DoD got rid of a large cultural barrier when the Total Force green identity card replaced the red reserve forces card, he noted.

"The reserve [forces] are on duty around the world, all the time," said Charles Cragin, principal deputy undersecretary of defense for personnel and readiness. "When I go to Bosnia and meet with the troops, you can't tell the difference between active and reserve [component service members]. They are there to do a job, and all of them do it well.

"In the field, active duty [personnel] recognize that without the reserves, the military could not accomplish its missions," he said.

Cragin said the fiscal environment soured relations between the active and reserve components. In a time of smaller budgets, reserve leaders thought their concerns were ignored by active duty leaders, he said. Getting reserve leaders into the budgeting process early has helped alleviate these fears. The Cohen memo also pledged "to provide the resources needed to accomplish assigned missions."
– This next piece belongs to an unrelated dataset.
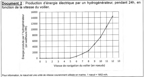 À l'aide du document 2, indiquer à partir de quelle vitesse de navigation du voilier, en noeuds, l'hydrogénérateur produit de l'énergie électrique.

"But this is not 'solved'," Cragin said. "This is a process we have to manage every day. The [Cohen] memo recognizes this and calls on all leaders to take ownership of the Total Force."

Hamre thanked all those involved for their contributions. "You were willing to say, 'I put on this uniform to do something bigger than win tactical battles within the 'Beltway'," he said. "I did this to protect and defend the Constitution of the United States."